S3-1-2 the weight of each convolution kernel is multiplied by the input signature.
All of the outputs of S3-1-3 are accumulated together to form the final output:
where αk is the kth weight obtained by the attention mechanism. Compared with a standard convolution layer, the dynamic convolution can enable the gesture recognition model to adaptively adjust parameters according to the characteristics of each input sample, so that the performance of the gesture recognition model is improved.
And S3-2, constructing a feature fusion module.

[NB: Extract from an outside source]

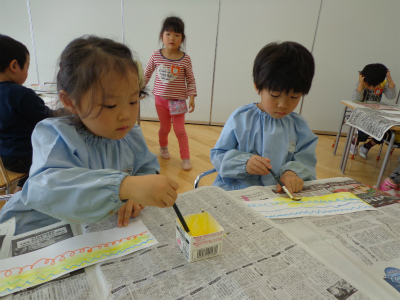 その上から、自分たちで筆を使い絵具を塗りました。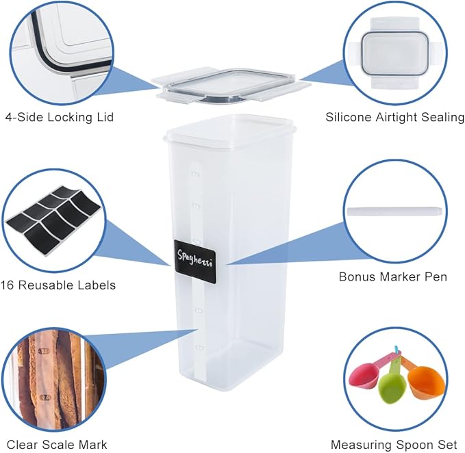 - Pantry & Kitchen Organization: Stackable food containers make it so easy to organize your kitchen countertop. Perfect for long term storage including dry food, flour, rice, cereal, baking supplies, spaghetti, pasta, nuts, sugar, oats, coffee, tea, snacks, pet food and other dry goods.

As shown in fig. 6, the fusion module performs fusion and refinement on the RGB and depth features in the spatial dimension through the feature fusion stage, so that the gesture recognition model can capture and utilize the remote spatial dependency relationship between the two modalities. Through the fusion and refining processes, the gesture recognition model can better understand the distribution and morphological changes of gestures in the image. Next, feature fusion is performed in the channel dimension by an attention directed feature fusion stage. This step enables the gesture recognition model to capture and exploit cross-channel contextual dependencies between RGB and depth modalities. The feature fusion module extracts important channel information through an attention mechanism, so that the perception capability of the gesture recognition model on the correlation between different modalities is enhanced. The working mode is as follows:
s3-2-1, acquiring RGB images of gestures through a gesture recognition model is as follows: RGB (red, green and blue) in ∈R C×H×W The depth image of the gesture is obtained by: depth in ∈R C×H×W The method comprises the steps of carrying out a first treatment on the surface of the The RGB image and the depth image are obtained after each pass through a single gating convolution layer:
RGB′ in =σ(Conv 1x1 (RGB in ))·RGB in
Depth′ in =σ(Conv 1x1 (Depth in ))·Depth in
wherein σ represents the activation function, conv 1x1 (x) Representing a 1 x 1 convolution operation performed on the input x.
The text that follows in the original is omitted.